* [Problem statement] Keep the images out and set the listing below down word for word.

* [Collected material]
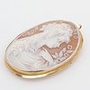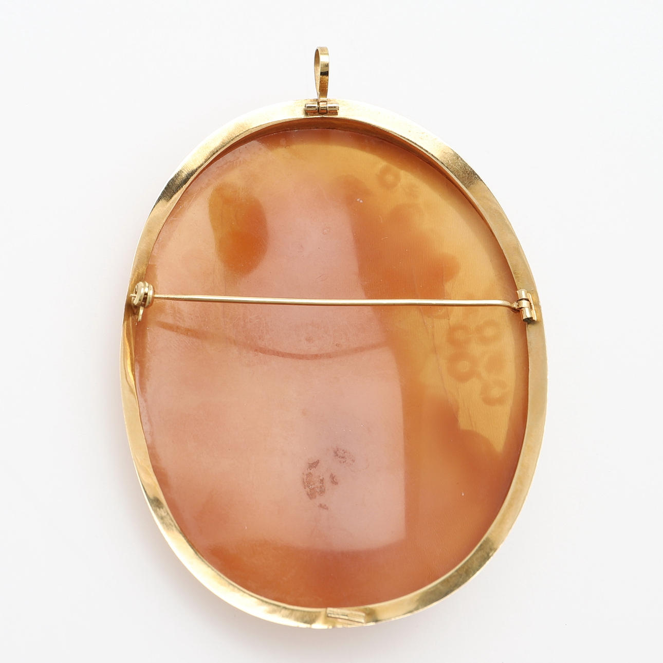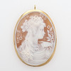 Snäckkamé med skuren dekor föreställande klassicerande kvinna, fattad i 9k guld, höjd ca 7 cm, vikt 15,4 gram.
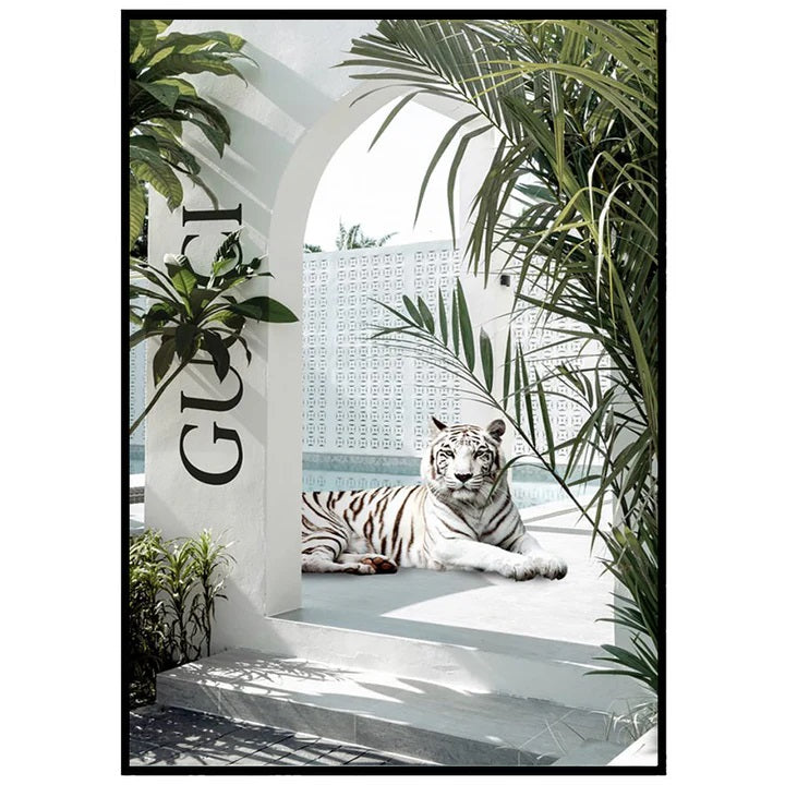 Elevate your space with the bold, fashion-inspired Louis Tiger Fashion Wall Art. Featuring a majestic white tiger lounging poolside, this animal wall art blends luxury and tropical calm with a confident aesthetic. A striking addition for interiors that embrace style, glamour, and unapologetic impact.
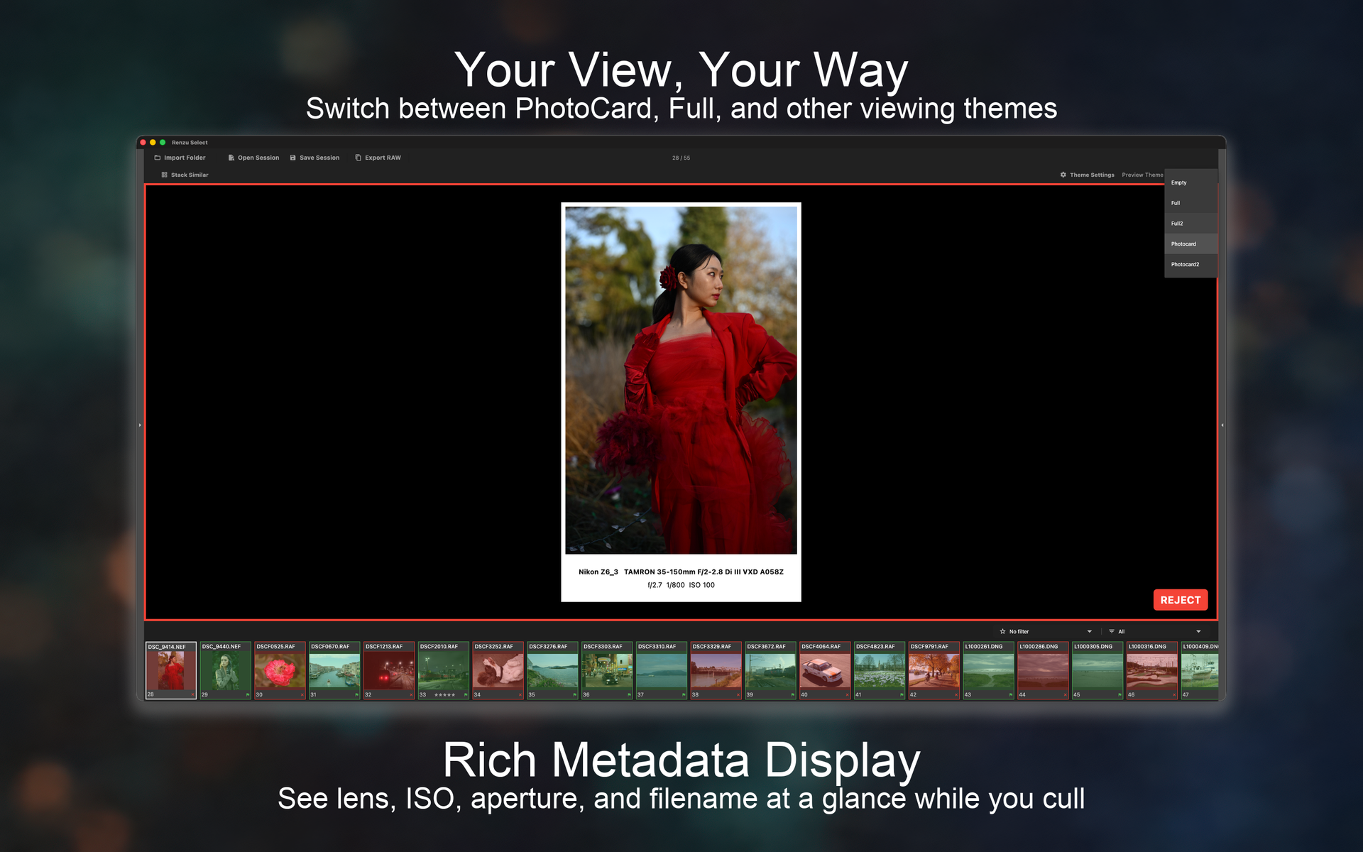 Switch between PhotoCard, Full, and custom viewing modes. Rich metadata display with lens, ISO, aperture at a glance.
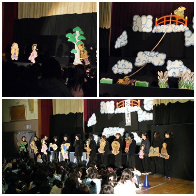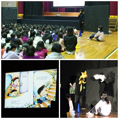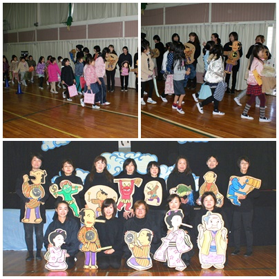 Zooお楽しみ会 公開日 2016/12/02 更新日 2016/12/02 学校の様子 Zooのお母さん方によるお楽しみ会があり、「もっちゃう もっちゃう もう もっちゃう」と「ふしぎなたいこ」の2つのお話を、プレゼンを使った読み聞かせとペープサートで見せていただきました。すばらしい内容で、お母さん方の演出に子どもたちは夢中でした。Zooの皆さん、ありがとうございました。

* [Solution to this exercise]
 Snäckkamé med skuren dekor föreställande klassicerande kvinna, fattad i 9k guld, höjd ca 7 cm, vikt 15,4 gram.
 Elevate your space with the bold, fashion-inspired Louis Tiger Fashion Wall Art. Featuring a majestic white tiger lounging poolside, this animal wall art blends luxury and tropical calm with a confident aesthetic. A striking addition for interiors that embrace style, glamour, and unapologetic impact.
 Switch between PhotoCard, Full, and custom viewing modes. Rich metadata display with lens, ISO, aperture at a glance.
 Zooお楽しみ会 公開日 2016/12/02 更新日 2016/12/02 学校の様子 Zooのお母さん方によるお楽しみ会があり、「もっちゃう もっちゃう もう もっちゃう」と「ふしぎなたいこ」の2つのお話を、プレゼンを使った読み聞かせとペープサートで見せていただきました。すばらしい内容で、お母さん方の演出に子どもたちは夢中でした。Zooの皆さん、ありがとうございました。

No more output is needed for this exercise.